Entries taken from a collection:
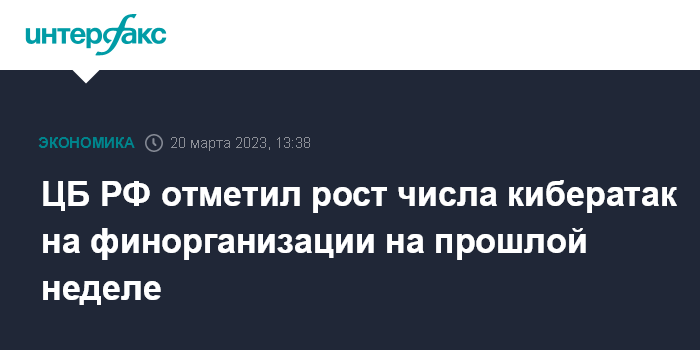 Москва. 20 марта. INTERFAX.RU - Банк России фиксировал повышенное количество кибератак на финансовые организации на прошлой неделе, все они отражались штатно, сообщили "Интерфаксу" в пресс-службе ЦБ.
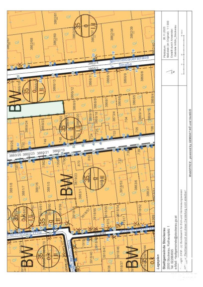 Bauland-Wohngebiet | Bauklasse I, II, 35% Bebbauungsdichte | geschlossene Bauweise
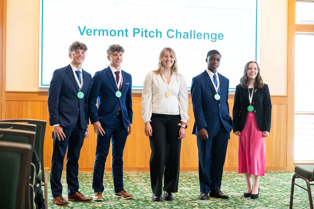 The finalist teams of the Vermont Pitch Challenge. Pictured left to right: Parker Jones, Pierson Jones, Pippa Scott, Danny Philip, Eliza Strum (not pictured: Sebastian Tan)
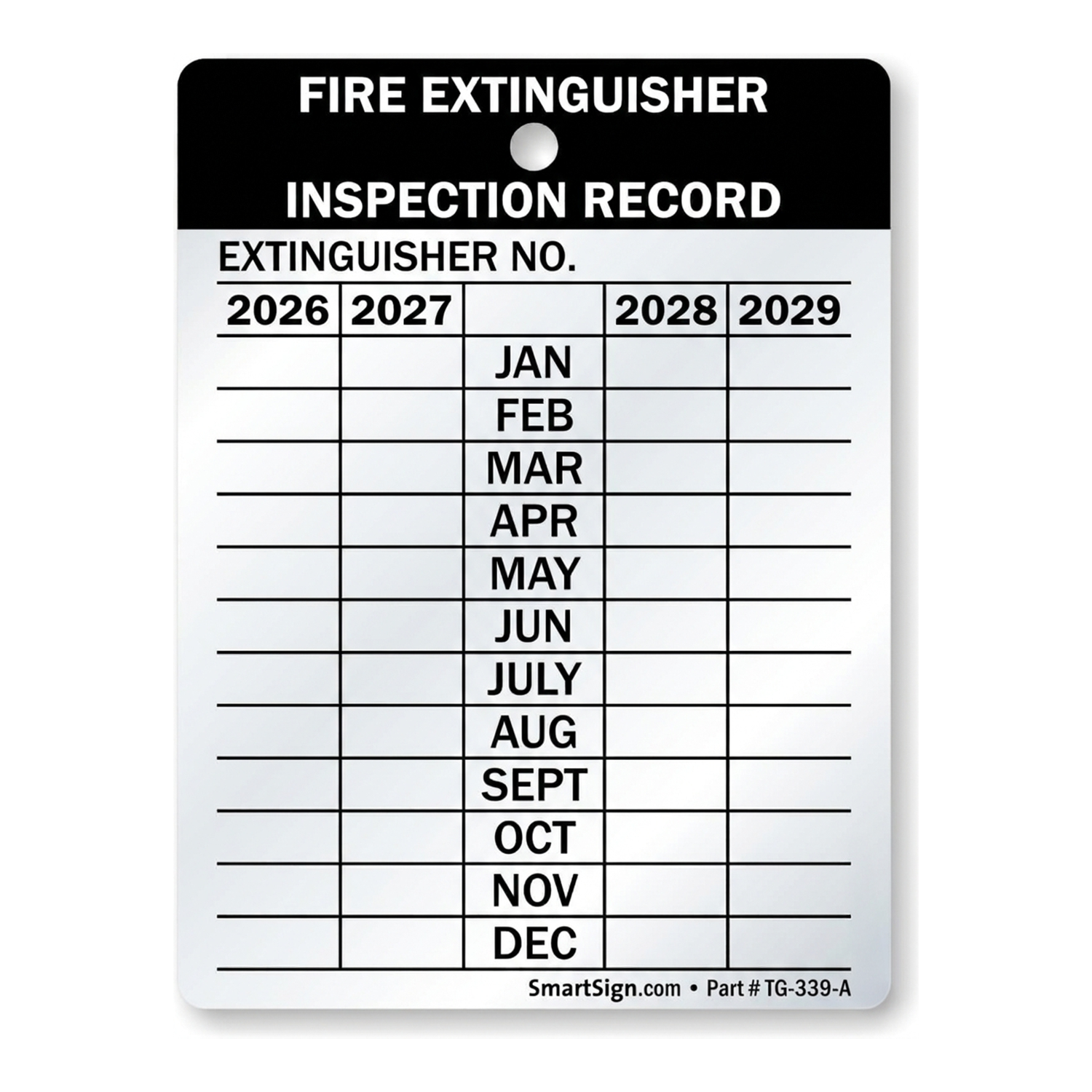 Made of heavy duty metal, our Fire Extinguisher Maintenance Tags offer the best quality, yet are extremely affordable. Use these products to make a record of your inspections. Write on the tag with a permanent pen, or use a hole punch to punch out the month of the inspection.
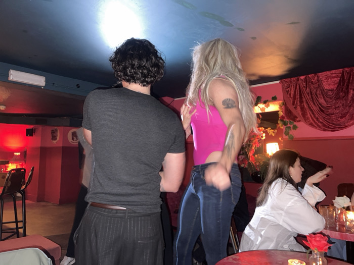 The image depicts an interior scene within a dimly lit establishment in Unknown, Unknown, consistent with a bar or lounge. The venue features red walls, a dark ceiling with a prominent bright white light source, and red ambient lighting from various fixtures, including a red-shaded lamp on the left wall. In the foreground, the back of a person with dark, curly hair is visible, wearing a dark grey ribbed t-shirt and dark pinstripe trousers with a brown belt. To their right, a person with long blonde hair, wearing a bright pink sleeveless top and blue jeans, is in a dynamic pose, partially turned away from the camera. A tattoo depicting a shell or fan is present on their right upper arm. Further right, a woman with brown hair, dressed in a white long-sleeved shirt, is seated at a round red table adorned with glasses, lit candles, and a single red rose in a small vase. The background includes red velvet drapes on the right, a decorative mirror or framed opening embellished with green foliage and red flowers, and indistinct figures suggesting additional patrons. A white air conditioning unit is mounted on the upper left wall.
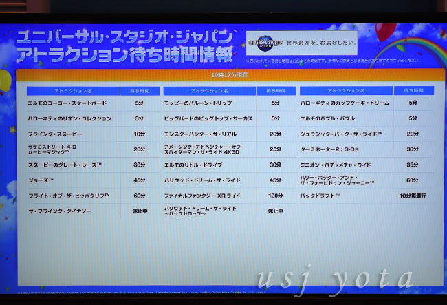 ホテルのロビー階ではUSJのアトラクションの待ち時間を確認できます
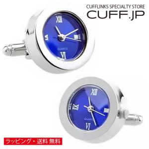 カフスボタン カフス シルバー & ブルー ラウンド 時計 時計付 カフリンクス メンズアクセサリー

Work instruction: Only the lines from the beginning of the records up to and including the line with "Made of heavy" should appear, exactly as they are, and no pictures.

Answer to the problem:
 Москва. 20 марта. INTERFAX.RU - Банк России фиксировал повышенное количество кибератак на финансовые организации на прошлой неделе, все они отражались штатно, сообщили "Интерфаксу" в пресс-службе ЦБ.
 Bauland-Wohngebiet | Bauklasse I, II, 35% Bebbauungsdichte | geschlossene Bauweise
 The finalist teams of the Vermont Pitch Challenge. Pictured left to right: Parker Jones, Pierson Jones, Pippa Scott, Danny Philip, Eliza Strum (not pictured: Sebastian Tan)
 Made of heavy duty metal, our Fire Extinguisher Maintenance Tags offer the best quality, yet are extremely affordable. Use these products to make a record of your inspections. Write on the tag with a permanent pen, or use a hole punch to punch out the month of the inspection.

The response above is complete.